Segment Open
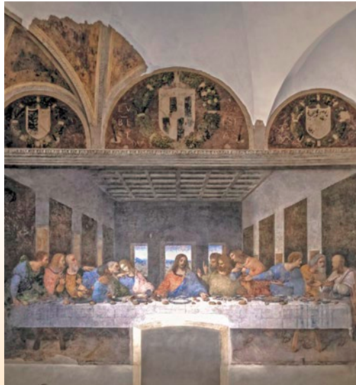
Leonardo da Vinci's "The Last Supper"
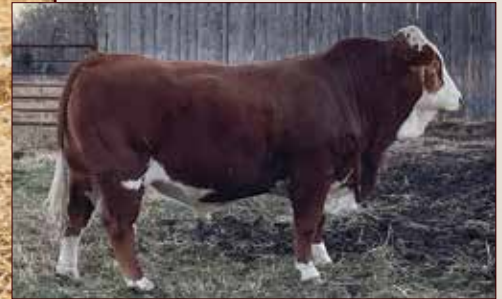
MTV MAUREY 5L - Exposure sire of Lots 17 - 22

Ultrasound tested June 9 safe to May 5 breeding.
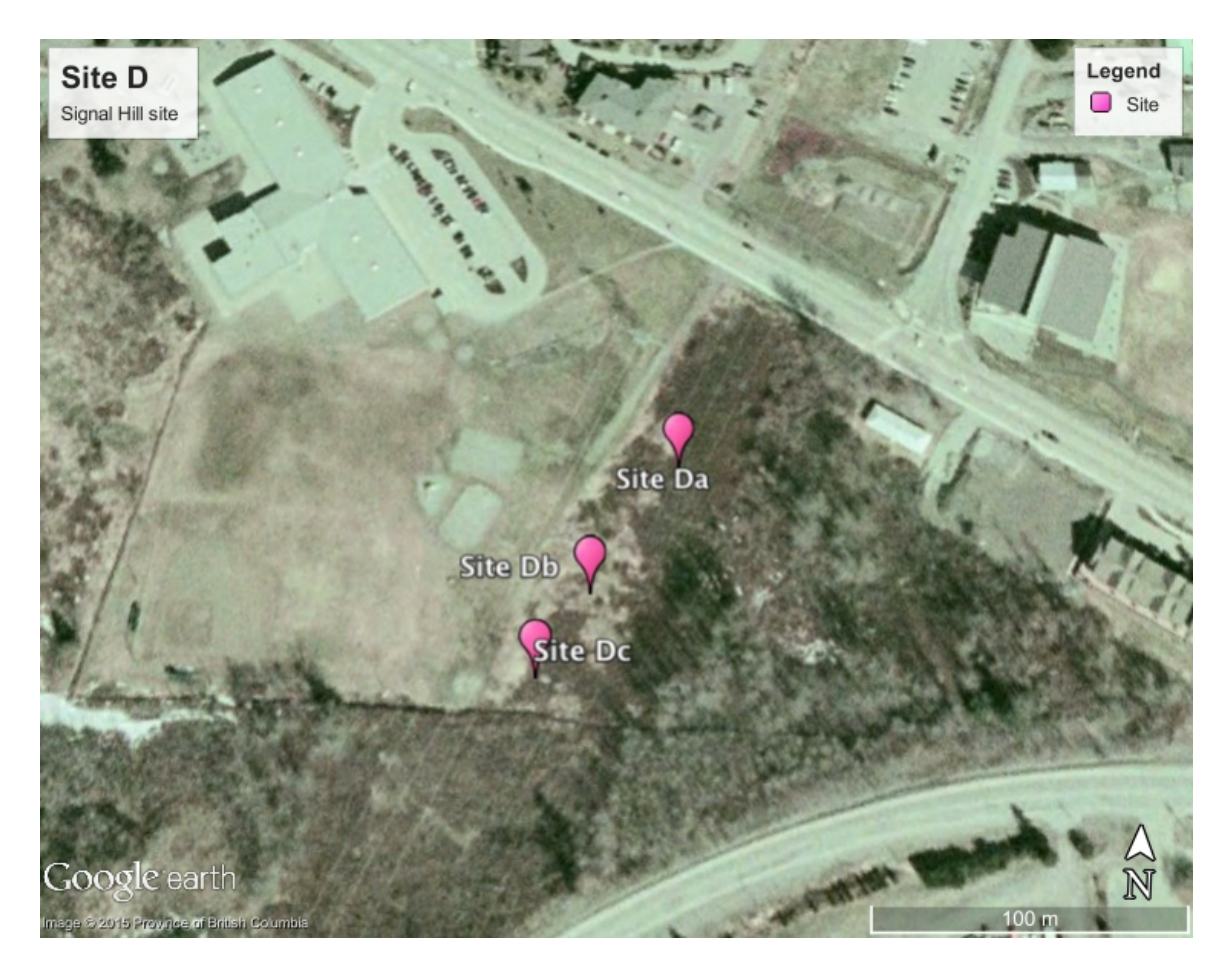
Figure 6. Soil sampling locations at Site D.
Segment Closed
## PROMPT
Reproduce the full listing faithfully, but do not carry over any pictures.

## RESULT BELOW
Leonardo da Vinci's "The Last Supper"
MTV MAUREY 5L - Exposure sire of Lots 17 - 22

Ultrasound tested June 9 safe to May 5 breeding.
Figure 6. Soil sampling locations at Site D.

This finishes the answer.